Back to Table of Contents

Errors & Verification

Modern browsers are amazingly forgiving of poorly written HTML. HTB will usually report the line number and text of offending tags and ignores them in the re-formatting process. Occasionally with quoting inconsistencies, HTB will stop re-formatting at the point the problem was found. This reporting mechanism makes HTB useful as a simple syntax validator, even if the generated output is not saved. HTB does not attempt to correct invalid files and in most cases still does a good job of re-formatting.
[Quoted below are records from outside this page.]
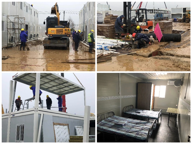 截至2月11日,隔離點(diǎn)項(xiàng)目準(zhǔn)備區(qū)折疊房安裝完成,折疊房室內(nèi)家具、空調(diào)、熱水器、淋浴房、水電正在有序安裝中;隔離區(qū)板房室外電力電纜井砌筑、緩沖區(qū)板房已安裝完成;污水處理設(shè)備正在安裝中,室外走道支模和路燈線(xiàn)路在準(zhǔn)備中。
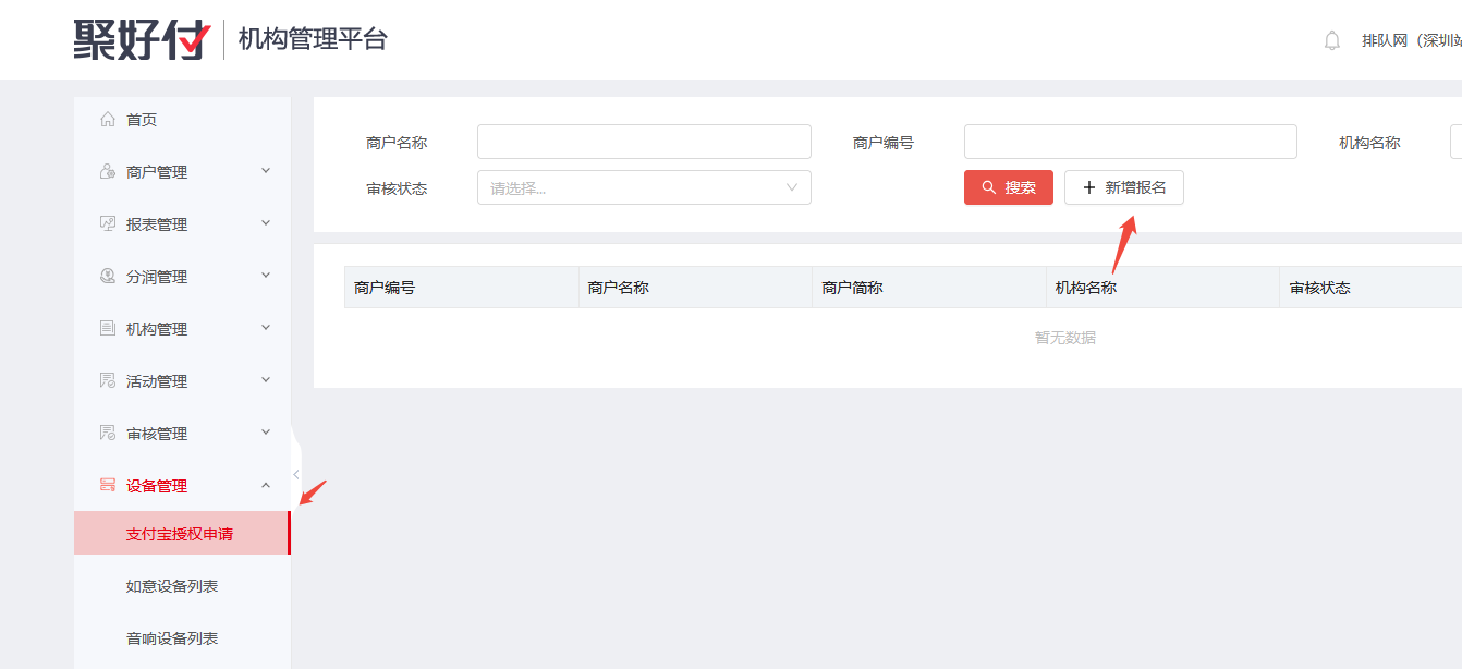 (1)代理商登录机构后台 ams.paidui.cn 在设备管理->支付宝授权申请->新增报名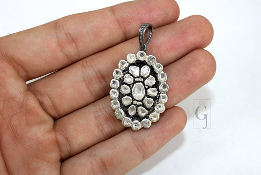 1pc Antique Polki Pendant Diamond Designer Rosecut Pave Diamond Pendant 925 Sterling Silver Handmade Finish Diamond Jewelry Necklace Pendant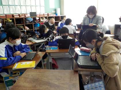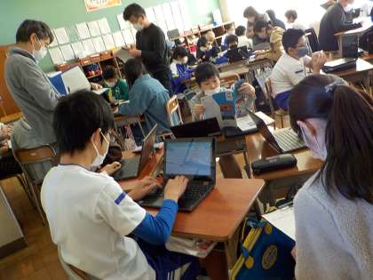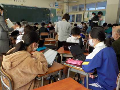 校内研修会で、6年1組社会科の授業が公開となりました。明治時代の政治にどのようなよさや課題があったのか、様々な人々の立場にたって考え、分かったことをグループで伝え合いました。一人一台端末を生かし、自分が調べたり考えたりしたことをグループで伝え合う中で、明治時代の政治について自分の考えをまとめることができました。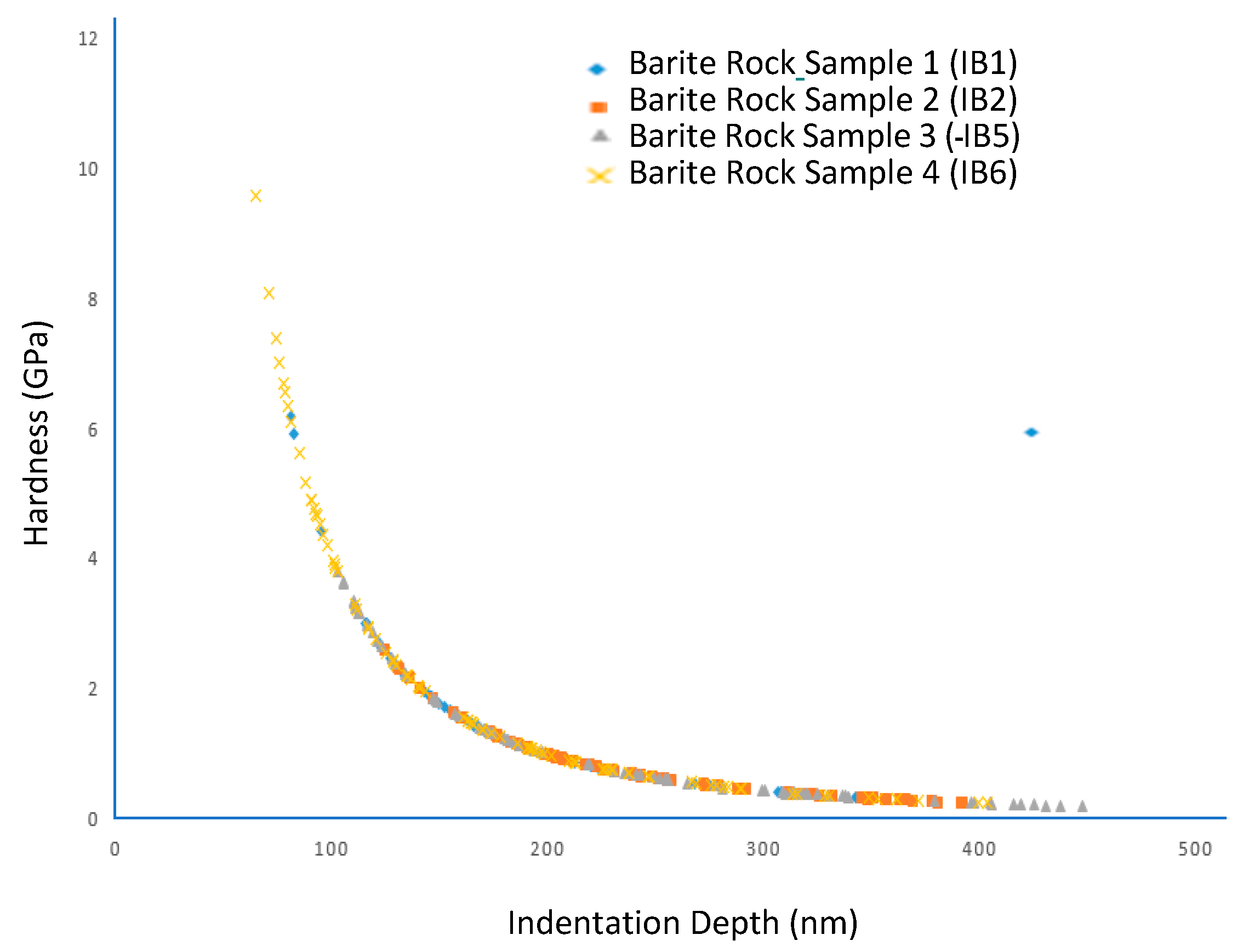 Figure 6. A figure showing the hardness values at various indentation depth obtained for the barite rock samples.
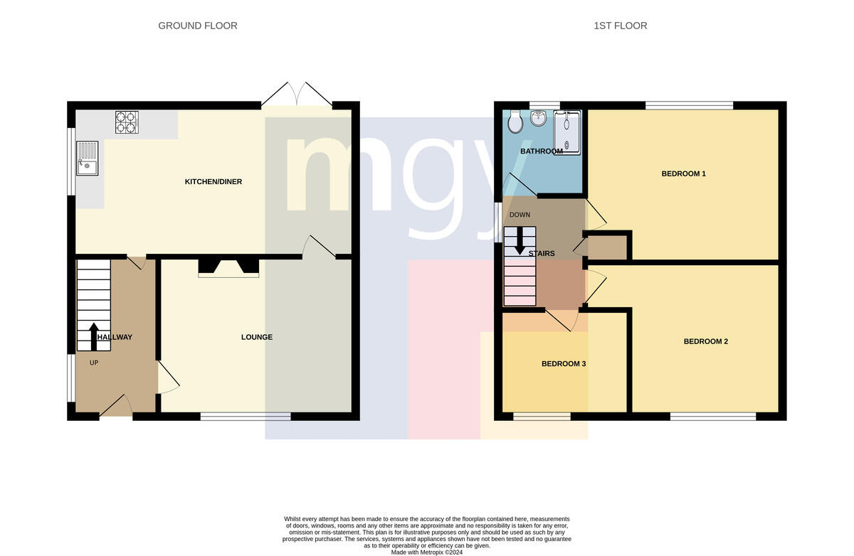 KITCHEN/DININGROOM19' 10" x 10' 5" (6.07m x 3.19m) Upvc double glazed patio doors to rear garden. Upvc double glazed window to side. Spot lights to ceiling. Ceramic tiled floor. Range of fitted kitchen base and wall units with worksurface and tiled splash backs incorporating stainless steel sink unit with mixer tap. Built in electric oven and inset gas hob with extractor fan over. Room for American fridge freezer. Plumbing for washing machine. Cupboard housing Worcester gas central heating boiler (3 yrs old) Radiator.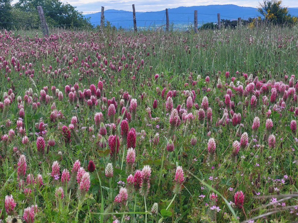 De route volgt een stuk de Lot, nadat de  route afbuigt geniet ik van de glooiende velden vol bloeiende Klaver, één paarse bloemenzee!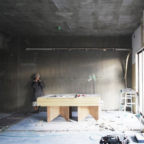 ブックカフェみたいなマンションリノベーションのF様邸。現場にお邪魔してきました。 オッシー、そのポーズはなんなのだ?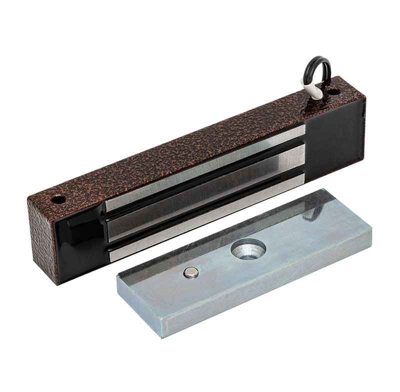 Электромагнитный влагозащищенный замок IP67, 12V DC, не более 0,4 A, усилие 200 кг, габаритные размеры 180x40x25 мм. Масса брутто 800 г., уголок в комплекте.Механический компенсатор эффекта остаточной намагниченности на якоре замка. Цвет коричневый. Темп.диапазон -40°С…+40°С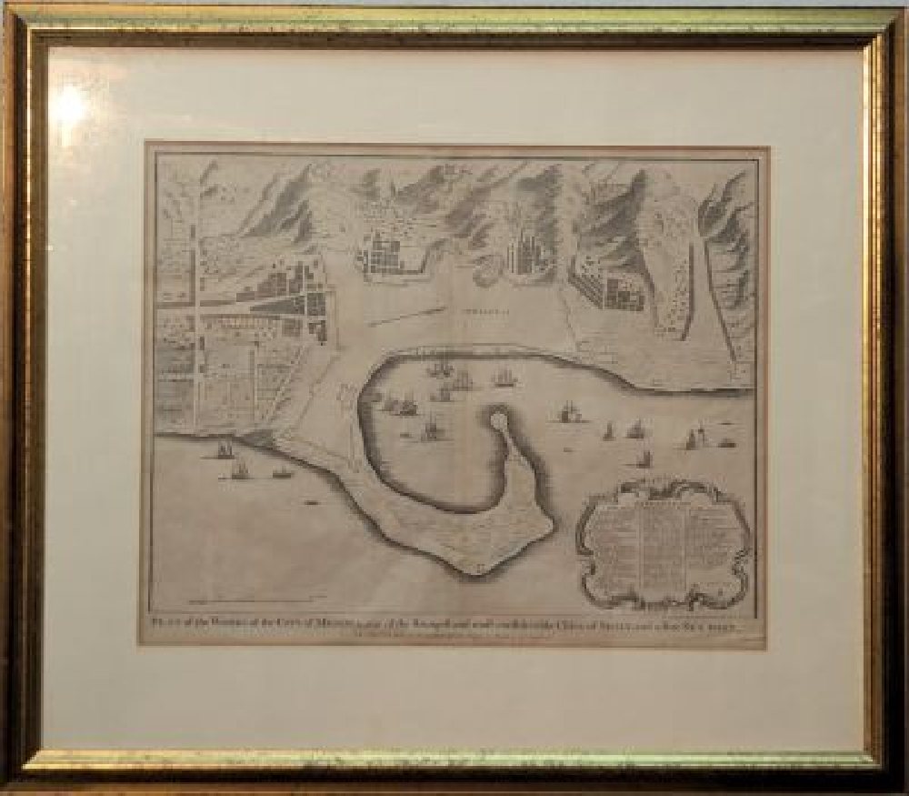 Mid 19th C. plan of the Works of the City of Messina and Seaport, (from Rapin’s History of England) framed

If syntax correction is needed, try Tidy from W3C which is a very good cleanup program. Tidy may even be used in combination with HTB using command-line piping and the HTB -f option.
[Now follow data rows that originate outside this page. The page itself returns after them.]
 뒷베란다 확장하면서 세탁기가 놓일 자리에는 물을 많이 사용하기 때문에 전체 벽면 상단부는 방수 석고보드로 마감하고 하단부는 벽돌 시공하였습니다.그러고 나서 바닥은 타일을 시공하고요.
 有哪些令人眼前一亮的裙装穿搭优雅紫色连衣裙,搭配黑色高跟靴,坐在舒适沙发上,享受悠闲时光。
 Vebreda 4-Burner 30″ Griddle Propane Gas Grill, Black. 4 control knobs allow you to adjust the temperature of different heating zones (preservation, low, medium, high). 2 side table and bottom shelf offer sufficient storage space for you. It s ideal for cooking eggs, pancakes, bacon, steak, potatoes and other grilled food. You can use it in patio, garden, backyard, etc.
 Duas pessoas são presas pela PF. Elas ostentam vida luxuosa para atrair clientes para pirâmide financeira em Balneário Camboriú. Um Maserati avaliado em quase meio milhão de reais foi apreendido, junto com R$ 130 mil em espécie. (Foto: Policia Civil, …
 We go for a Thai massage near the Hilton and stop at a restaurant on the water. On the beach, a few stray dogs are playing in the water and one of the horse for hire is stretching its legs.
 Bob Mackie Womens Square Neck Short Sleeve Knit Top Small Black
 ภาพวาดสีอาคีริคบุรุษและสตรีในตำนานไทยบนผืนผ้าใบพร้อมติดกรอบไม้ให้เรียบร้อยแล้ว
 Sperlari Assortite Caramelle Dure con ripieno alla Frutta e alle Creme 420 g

All HTB error messages sent to the "standard error" stream which can be captured to a file using "standard error" redirection ("2>" or "2>>").

Example 1:

- Beautify myfile.htm and save the output to newfile.htm but save error messages in another file called error.txt by redirecting the "standard error" stream to a file.

htb myfile.htm newfile.htm 2> error.txt (error.txt will be created or overwritten)
htb myfile.htm newfile.htm 2>> error.txt (error.txt will be created or appended to)

Example 2:

- Correct syntax errors using Tidy from W3C and then beautify myfile.htm and save the output to newfile.htm. Save error messages from both programs to a file called error.txt by redirecting the "standard error" stream to a file.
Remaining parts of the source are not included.